Top of DATA PROVIDED
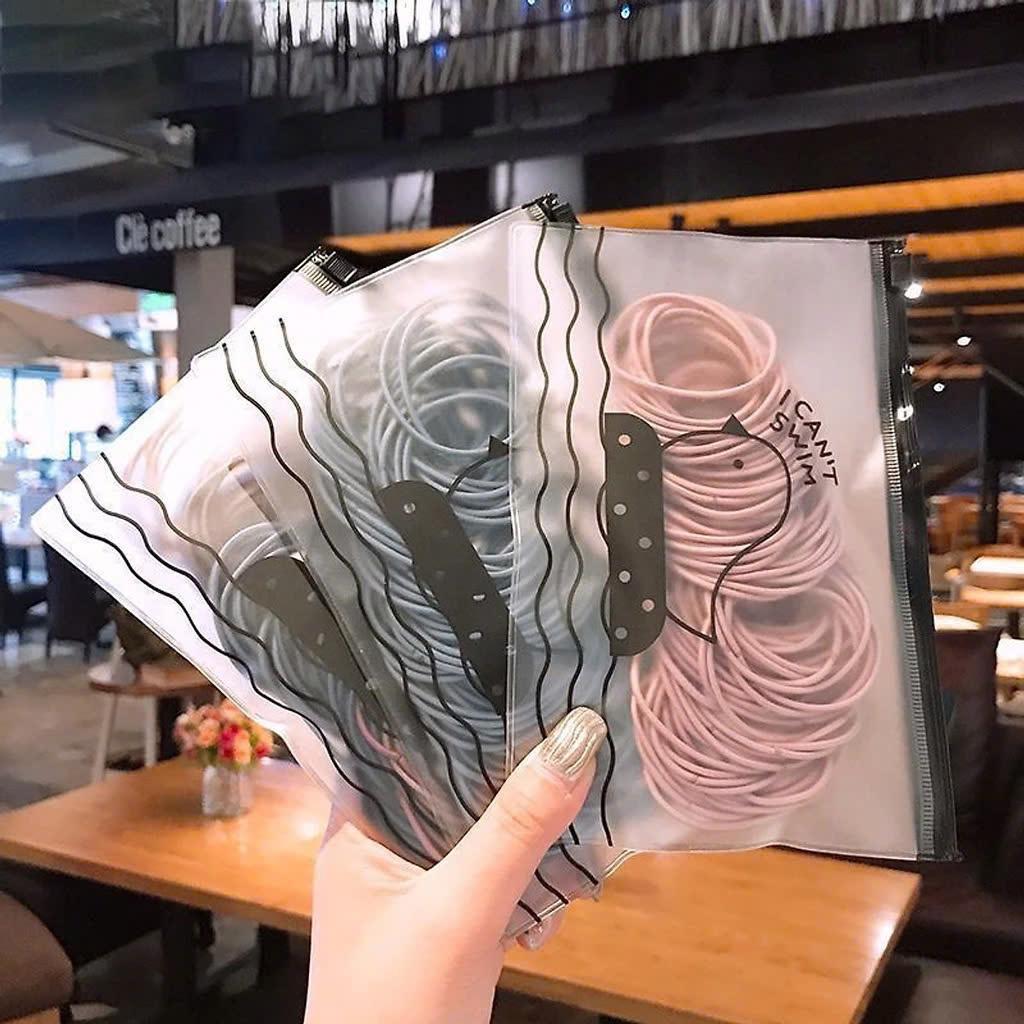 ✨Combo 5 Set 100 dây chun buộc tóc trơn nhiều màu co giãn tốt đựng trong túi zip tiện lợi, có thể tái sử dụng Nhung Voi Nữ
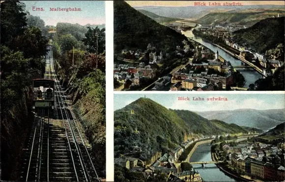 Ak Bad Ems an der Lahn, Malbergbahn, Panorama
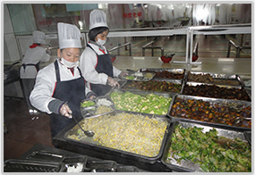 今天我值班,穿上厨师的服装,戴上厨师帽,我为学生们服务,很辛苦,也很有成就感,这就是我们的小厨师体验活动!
Bottom of DATA PROVIDED
Leave out the pictures, then return every line of the data exactly.

 ✨Combo 5 Set 100 dây chun buộc tóc trơn nhiều màu co giãn tốt đựng trong túi zip tiện lợi, có thể tái sử dụng Nhung Voi Nữ
 Ak Bad Ems an der Lahn, Malbergbahn, Panorama
 今天我值班,穿上厨师的服装,戴上厨师帽,我为学生们服务,很辛苦,也很有成就感,这就是我们的小厨师体验活动!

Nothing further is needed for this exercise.